È tutta questione di… educazione permanente.

Nessun essere umano, prima di nascere, chiede di nascere.

Nessuno chiede di abitare per nove mesi in quel particolare utero, all’interno di quella specifica famiglia, con quel preciso padre.

Nessuno chiede di venire in questo mondo in una precisa geografia, in un territorio, né tanto meno si chiede di nascere in un reciso periodo storico.

Tutti noi viviamo, nonostante la nostra volontà e proprio in questa dolenza-nolenza si manifesta il mistero della vita.

In questa situazione, che peraltro accomuna tutti gli esseri umani sulla terra, come si può credere effettivamente di scegliere se adottare un atteggiamento fideistico contrapposto ad un atteggiamento ragionevole? Entrambi sono comunque espressione di quanto ci si rende conto di essere liberi rispetto al passato di cui siamo figli, oppure rispetto al futuro che vogliamo realizzare.

Sia coloro che hanno fede nel limite umano, e dunque hanno fede in un Dio, sia coloro che dimostrano la fede verso il progresso della scienza, vivono senza il contributo della loro volontà. Nessun individuo appartenente a questi gruppi può permettersi il lusso di decidere se domani mattina vedrà la luce del sole, perché il risveglio è affidato al funzionamento del sistema nervoso centrale e periferico che governano, al di là della volontà personale, la possibilità di rimanere in vita.

Anche quando si sostiene che in futuro la scienza potrà scoprire nuove tecnologie per migliorare la nostra qualità di vita, si compie un grande atto di fede. Con esso si crede di poter guadagnare il tempo affidato al futuro attraverso i meriti della nostra ricerca.
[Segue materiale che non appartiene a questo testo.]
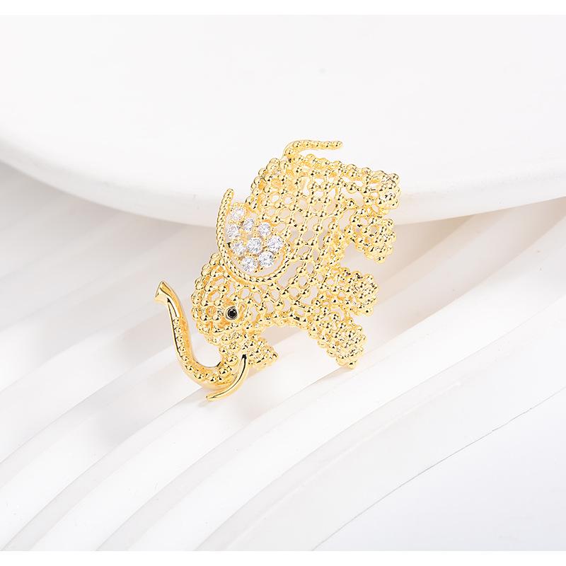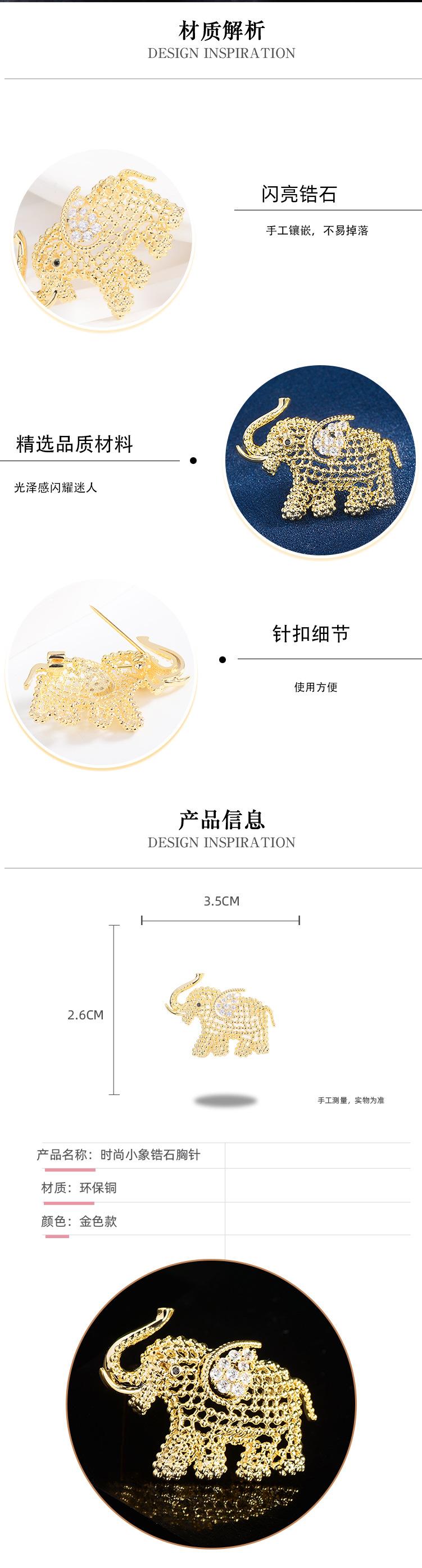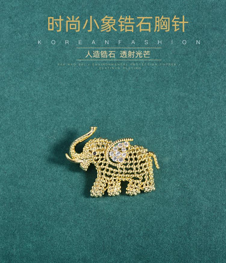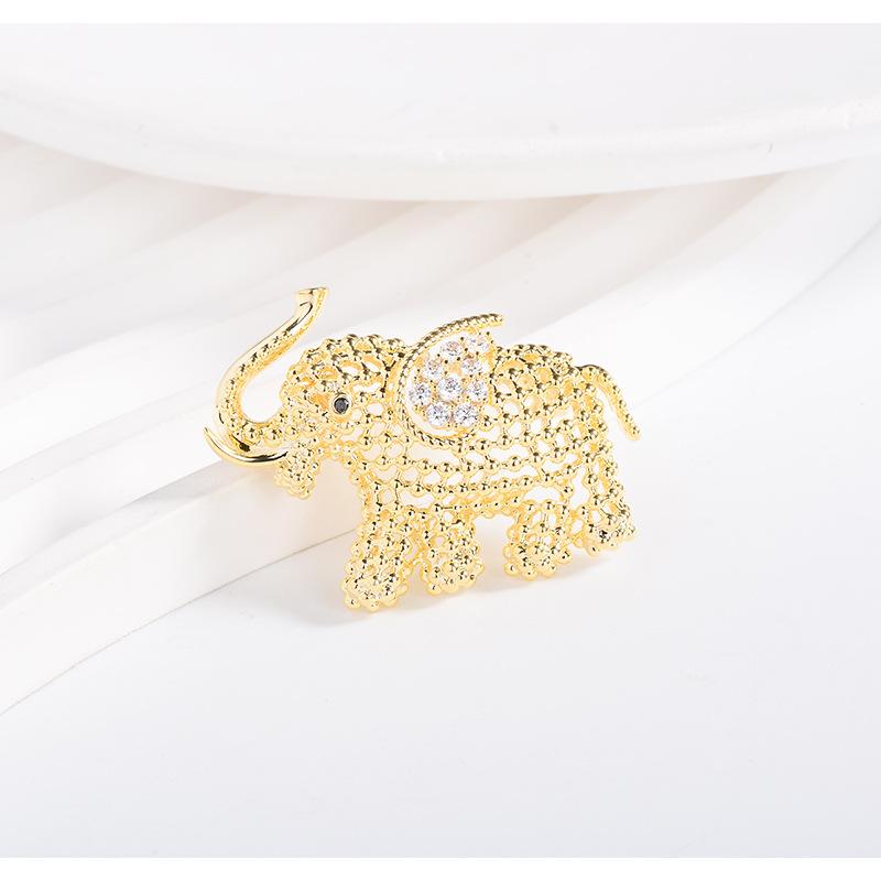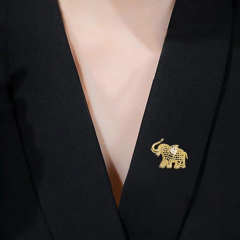 Símbolo de auspicioso Nuevo estilo broche de elefante de circonio incrustado fino chapado significado de prosperidad ramillete temperamento de alta gama accesorios para alfiler de ropa
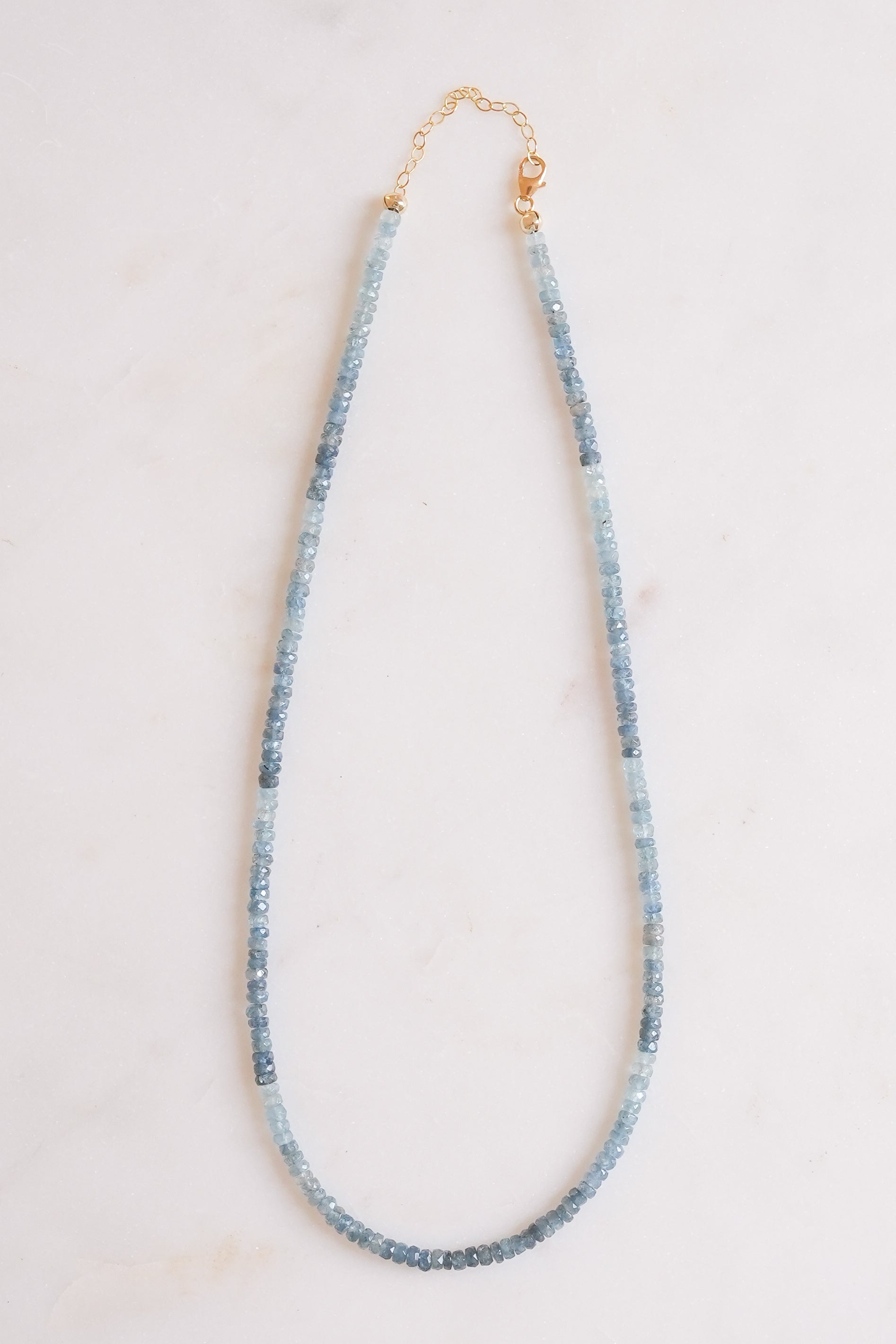 Ombre Blue Aquamarine Beaded Gemstone Necklace

Ma questa è solo una delle ipotesi possibili, perché nessuno di noi è mai padrone della propria vita, mentre, credendo di esserlo si sente anche padrone di quella altrui.

Ecco, allora dove sta il problema: essere padroni della vita altrui, sulla base di un errore secondo il quale si ritiene di essere padroni della propria vita e del proprio presente.